Work instruction>
Stop at the line containing "Fabriquée à la": repeat exactly every line of the entries below from the first up to it, plus that line, with pictures omitted.

________________________________________

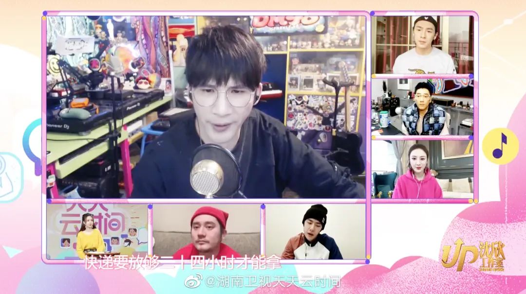同一天,隔壁的《天天向上》团队也在30小时之内,完成了《天天云时间》的录制和播出。比起“一对一连线”的《嘿!你在干嘛呢》,《天天云时间》采用的是“多人连线”的方式。每一期节目中,主持人会与多位明星连麦,探讨一个与宅家相关的主题,或是运动,或是护肤,或是安利影视剧。
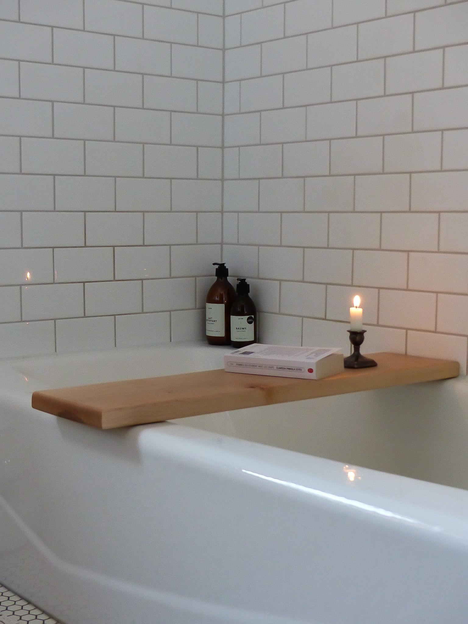 Fabriquée à la main, cette planche de bain en bois d'érable met en valeur la beauté brute et authentique du bois.
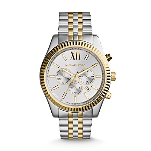 This men's Michael Kors Lexington watch is made from two-tone steel/gold plate and is powered by a chronograph quartz movement. It is fitted with a two tone bracelet and has a silver dial. The watch has a date function.
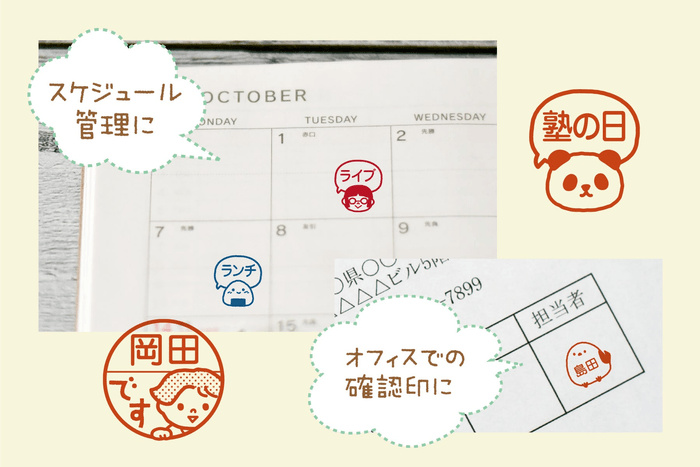 スケジュール帳や、回覧板のサイン、オフィスでのチェック印などにお使いいただけるキャップレス印鑑です。顔入りは、家族間のマークや家族カレンダーなどにもご活用いただけます。お子さまの宿題サインとして「みましたスタンプ」としてもオススメです。
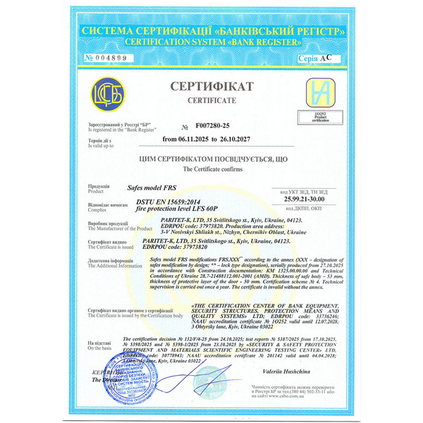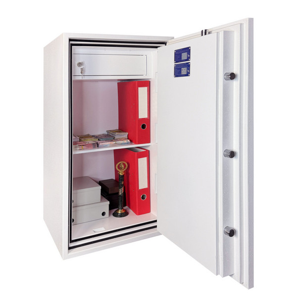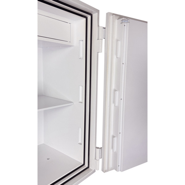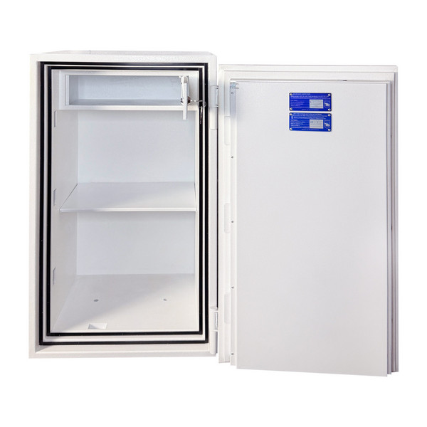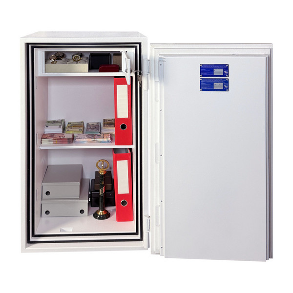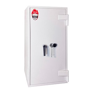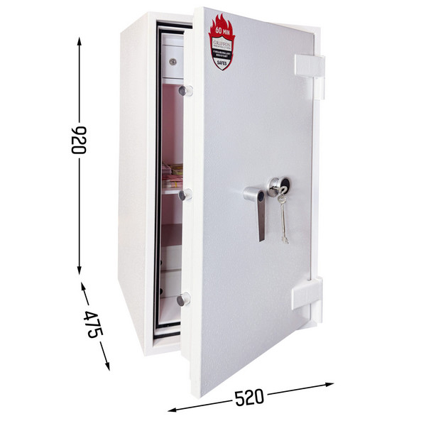 Толщина специального огнестойкого наполнения дверей и корпуса составляет 53 мм. Закрывается сейф ключевым сейфовым замком WITTKOPP (Германия). Это создаст существенный препятствие для злоумышленника. Замыкание производится ригельной системой. Толстые вращающиеся ригеля диаметром 25 мм обеспечат практическую защиту от возможности их перепиливания. Дополнительно со стороны петель есть антисрезы. Конструкция предусматривает специальные карманы для ригелей и антисрезов, которые обеспечивают плотное прилегание двери по всему периметру и повышают устойчивость сейфа к силовым методам взлома. Благодаря этому достигается класс взломостойкости S2 (по ДСТУ EN 14450). В белом цвете сейф отлично дополнит любое современное помещение.

________________________________________

Output of the task>
同一天,隔壁的《天天向上》团队也在30小时之内,完成了《天天云时间》的录制和播出。比起“一对一连线”的《嘿!你在干嘛呢》,《天天云时间》采用的是“多人连线”的方式。每一期节目中,主持人会与多位明星连麦,探讨一个与宅家相关的主题,或是运动,或是护肤,或是安利影视剧。
 Fabriquée à la main, cette planche de bain en bois d'érable met en valeur la beauté brute et authentique du bois.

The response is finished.